You, at least initially, argued that the former was the correct interpretation
of his words, but to do so you did misquote him in a way that obviously
altered the meaning of his words. Was that intentional or a mistake?

I don't have the context for the "harem" quote, but given how you presented
the quote with regard to the victim's willingness, I think it's reasonable to
conclude that RMS meant something other than what you insinuate.

In any case, it seems now that you recognize that the latter interpretation is
correct, and you question whether RMS' position was reasonable. Fair enough.
But tell me, would you know the difference between an 18yo prostitute (who is
otherwise free to leave) and a 17yo slave?

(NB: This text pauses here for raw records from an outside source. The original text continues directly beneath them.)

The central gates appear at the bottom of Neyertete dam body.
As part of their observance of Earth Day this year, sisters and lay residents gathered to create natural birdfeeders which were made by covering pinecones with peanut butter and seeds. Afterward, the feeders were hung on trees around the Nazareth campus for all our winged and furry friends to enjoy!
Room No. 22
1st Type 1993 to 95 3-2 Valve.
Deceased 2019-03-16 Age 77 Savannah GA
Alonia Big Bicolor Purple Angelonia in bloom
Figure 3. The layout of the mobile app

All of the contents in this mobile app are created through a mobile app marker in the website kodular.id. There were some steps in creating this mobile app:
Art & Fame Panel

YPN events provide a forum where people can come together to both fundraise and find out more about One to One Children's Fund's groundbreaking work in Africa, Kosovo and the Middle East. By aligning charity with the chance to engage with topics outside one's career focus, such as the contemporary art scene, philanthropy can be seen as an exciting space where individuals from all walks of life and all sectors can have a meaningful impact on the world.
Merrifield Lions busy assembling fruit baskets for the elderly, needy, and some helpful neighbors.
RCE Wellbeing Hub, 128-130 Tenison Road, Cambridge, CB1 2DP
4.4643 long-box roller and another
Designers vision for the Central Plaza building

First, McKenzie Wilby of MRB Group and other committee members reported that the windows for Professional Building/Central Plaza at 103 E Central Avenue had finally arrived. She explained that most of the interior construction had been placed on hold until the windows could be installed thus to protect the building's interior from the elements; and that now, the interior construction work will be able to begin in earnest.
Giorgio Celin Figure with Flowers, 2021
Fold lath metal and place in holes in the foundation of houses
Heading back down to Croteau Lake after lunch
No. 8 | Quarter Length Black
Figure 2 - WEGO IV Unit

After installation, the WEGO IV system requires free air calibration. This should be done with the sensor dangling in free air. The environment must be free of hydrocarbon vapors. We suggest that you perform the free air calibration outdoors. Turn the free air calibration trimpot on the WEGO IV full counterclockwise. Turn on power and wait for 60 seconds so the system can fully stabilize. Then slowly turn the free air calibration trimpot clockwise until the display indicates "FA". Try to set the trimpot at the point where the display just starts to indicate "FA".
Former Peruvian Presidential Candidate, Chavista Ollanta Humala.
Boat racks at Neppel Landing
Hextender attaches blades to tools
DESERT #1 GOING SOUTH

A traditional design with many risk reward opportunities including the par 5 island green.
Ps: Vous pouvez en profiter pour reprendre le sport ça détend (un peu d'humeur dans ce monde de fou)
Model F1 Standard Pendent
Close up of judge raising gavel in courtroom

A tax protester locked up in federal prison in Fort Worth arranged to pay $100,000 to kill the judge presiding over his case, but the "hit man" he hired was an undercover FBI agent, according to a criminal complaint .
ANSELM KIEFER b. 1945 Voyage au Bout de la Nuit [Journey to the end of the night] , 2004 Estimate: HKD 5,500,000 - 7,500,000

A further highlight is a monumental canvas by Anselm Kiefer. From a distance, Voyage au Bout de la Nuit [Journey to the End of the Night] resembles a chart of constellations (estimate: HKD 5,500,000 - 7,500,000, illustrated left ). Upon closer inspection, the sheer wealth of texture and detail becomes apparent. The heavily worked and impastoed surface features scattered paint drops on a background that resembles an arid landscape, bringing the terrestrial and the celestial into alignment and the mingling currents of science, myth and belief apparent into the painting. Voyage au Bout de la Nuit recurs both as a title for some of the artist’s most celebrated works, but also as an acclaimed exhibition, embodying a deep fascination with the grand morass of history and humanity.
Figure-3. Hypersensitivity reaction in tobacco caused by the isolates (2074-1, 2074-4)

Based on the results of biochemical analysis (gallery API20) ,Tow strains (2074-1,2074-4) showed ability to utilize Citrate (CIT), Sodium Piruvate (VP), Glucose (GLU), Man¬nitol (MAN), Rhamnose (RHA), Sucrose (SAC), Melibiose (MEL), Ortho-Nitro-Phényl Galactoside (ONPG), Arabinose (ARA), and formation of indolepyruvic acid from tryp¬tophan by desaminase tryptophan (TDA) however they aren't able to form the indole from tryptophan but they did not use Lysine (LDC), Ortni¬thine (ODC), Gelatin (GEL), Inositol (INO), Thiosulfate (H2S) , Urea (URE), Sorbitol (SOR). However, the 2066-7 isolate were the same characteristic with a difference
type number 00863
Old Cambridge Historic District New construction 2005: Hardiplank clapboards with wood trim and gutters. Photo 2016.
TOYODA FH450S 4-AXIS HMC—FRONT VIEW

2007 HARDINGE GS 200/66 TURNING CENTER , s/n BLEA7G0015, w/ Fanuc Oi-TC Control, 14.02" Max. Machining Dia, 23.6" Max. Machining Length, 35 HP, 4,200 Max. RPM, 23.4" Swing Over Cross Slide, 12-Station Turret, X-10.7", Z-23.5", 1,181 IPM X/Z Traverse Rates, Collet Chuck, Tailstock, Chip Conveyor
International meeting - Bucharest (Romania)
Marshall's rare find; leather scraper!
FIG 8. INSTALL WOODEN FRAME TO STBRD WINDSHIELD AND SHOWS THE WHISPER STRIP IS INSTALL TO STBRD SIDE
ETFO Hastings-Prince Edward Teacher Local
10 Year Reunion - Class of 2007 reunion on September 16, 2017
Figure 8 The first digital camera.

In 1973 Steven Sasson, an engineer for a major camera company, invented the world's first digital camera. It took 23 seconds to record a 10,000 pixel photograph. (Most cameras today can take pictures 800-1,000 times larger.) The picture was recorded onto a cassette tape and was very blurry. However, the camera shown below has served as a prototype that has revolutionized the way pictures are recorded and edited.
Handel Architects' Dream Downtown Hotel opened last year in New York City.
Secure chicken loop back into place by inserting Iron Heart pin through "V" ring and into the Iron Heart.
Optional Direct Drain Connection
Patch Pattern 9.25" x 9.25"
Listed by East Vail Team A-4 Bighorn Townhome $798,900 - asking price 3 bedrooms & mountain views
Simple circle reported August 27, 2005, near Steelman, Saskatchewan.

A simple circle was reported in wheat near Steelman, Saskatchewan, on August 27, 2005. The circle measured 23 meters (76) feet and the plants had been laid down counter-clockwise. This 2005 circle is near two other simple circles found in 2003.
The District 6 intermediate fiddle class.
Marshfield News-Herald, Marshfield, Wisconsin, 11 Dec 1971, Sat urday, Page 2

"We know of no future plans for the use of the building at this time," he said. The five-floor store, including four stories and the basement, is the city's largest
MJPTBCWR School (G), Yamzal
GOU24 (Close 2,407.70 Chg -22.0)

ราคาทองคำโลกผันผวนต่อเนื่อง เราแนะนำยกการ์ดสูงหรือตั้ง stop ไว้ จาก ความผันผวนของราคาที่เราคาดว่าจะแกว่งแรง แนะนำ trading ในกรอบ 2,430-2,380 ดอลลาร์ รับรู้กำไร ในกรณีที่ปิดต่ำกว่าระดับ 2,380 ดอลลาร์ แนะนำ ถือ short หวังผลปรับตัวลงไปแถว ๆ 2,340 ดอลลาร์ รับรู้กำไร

Look, I think what Minsky did was wrong regardless, that he was foolish to let
himself become entangled with a man like Epstein, and I think it's atrocious
what happened to the young woman, but these two scenarios have vastly
different legal consequences. Do you not think it is plausible that Minsky
thought it was the first scenario?

For what it's worth, my initial thought when I heard that Minksy had been
implicated in Epstein's ring, was that he was fully aware and complicit in the
abuse. And Minksy may have in fact been fully aware, but RMS' words lead me to
question that assumption because RMS _actually knew the guy_.

EDIT: _hold the phone_. Looking at some other sources suggests that Minksy may
not have even had sex with the young woman. It sounds like she was coerced by
Epstein to proposition Minsky, and that according to another witness _Minsky
turned her down_ [1]. It does not appear that the victim is actually accusing
Minksy of assaulting her (though I could be missing evidence. If this is the
case, then why is this argument even happening?

[1][https://old.reddit.com/r/linux/comments/d5a4dz/richard_stall...](https://old.reddit.com/r/linux/comments/d5a4dz/richard_stallman_resigns_from_mit_due_to_pressure/f0l50w4/?context=2)